Für Japaner die ultimative Entspannung. Natürliche Heilquellen, auf japanisch „onsen“, gibt es in Japan fast überall, vorwiegend jedoch in Gebirgsregionen. Das Wasser wird dann direkt aus dem Berg in die Becken gepumpt, die sich zumeist in speziellen Anlagen (z.B. in Hotels) befinden – entweder überdacht oder im Freien gelegen. Zimmer der gehobenen Kategorie besitzen meist einen eigenen, privaten Onssen-Anschluss.

Für uns als Europäer ist die Tatsache befremdend, dass man „nackt“ in das Bad steigt. Für Japaner ist das gänzlich normal, nur den unbedarften, coolen Ausländer packt plötzlich die Scham und verweigert den Zugang.
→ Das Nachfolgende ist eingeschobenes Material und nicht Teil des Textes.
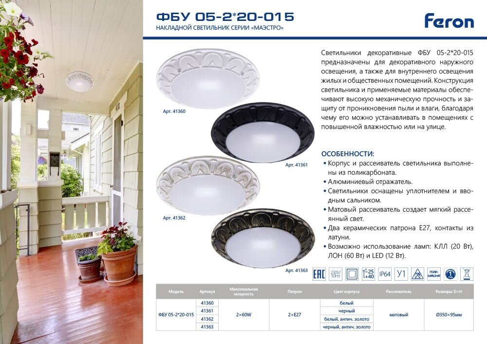 Feron ФБУ 05-2*20-015 Светильник накладной IP64, 220V, 2*60Вт 2*Е27, серии Маэстро, 41360

Schliesslich will man sich nicht unbedingt in einen grossen Bottich mit anderen unbekannten Männern setzen – noch dazu als einzigster Ausländer, nackt den prüfenden Blicken der anderen Besucher ausgesetzt zu sein. Auch gibt es nur (mit sehr wenigen Ausnahmen) geschlechtlich getrennte Becken, also gar nicht erst auf dumme Gedanken kommen ;-).

Wer dies alles aber verschmerzen kann, wird nicht enttäuscht: das Wasser ist wunderbar angenehm, besitzt in der Tat Heilwirkung und bietet Entspannung pur. Je nach Anlage gibt es mehrere „Becken“ mit verschiedensten Wassersorten, die jeweils eine andere Heilwirkung besitzen. Man kann ruhig alle Becken ausprobieren, tut in der Tat SEHR gut.

Für alle „First Timers“, hier ein paar Tipps:

* Das Wasser ist sehr heiss, also vorsichtig einsteigen, nicht reinspringen oder auf die Idee kommen, Seife, Alkohol oder gar Essen mit ins Becken zu nehmen (hört sich lustig an, soll aber alles schon passiert sein).

* Davor, bzw. danach kann man entweder in die Sauna (falls angeboten) und sich natürlich duschen, Haare fönen, usw. -> Seperate Duschen , Waschbecken, etc. sollten in der Anlage befindlich sein.

Die Bilder habe ich in Arima gemacht, ein kleiner aber schöner Kurort in den Bergen Westjapans. Es gibt in Japan mehr oder weniger berühmte Orte für Onssen. Der Ort selbst hat sich ganz auf den Onsen-Tourismus eingestellt. Es gibt in dutzenden Geschäften allerlei Souvenir, aber auch regionale Köstlichkeiten zu erwerben.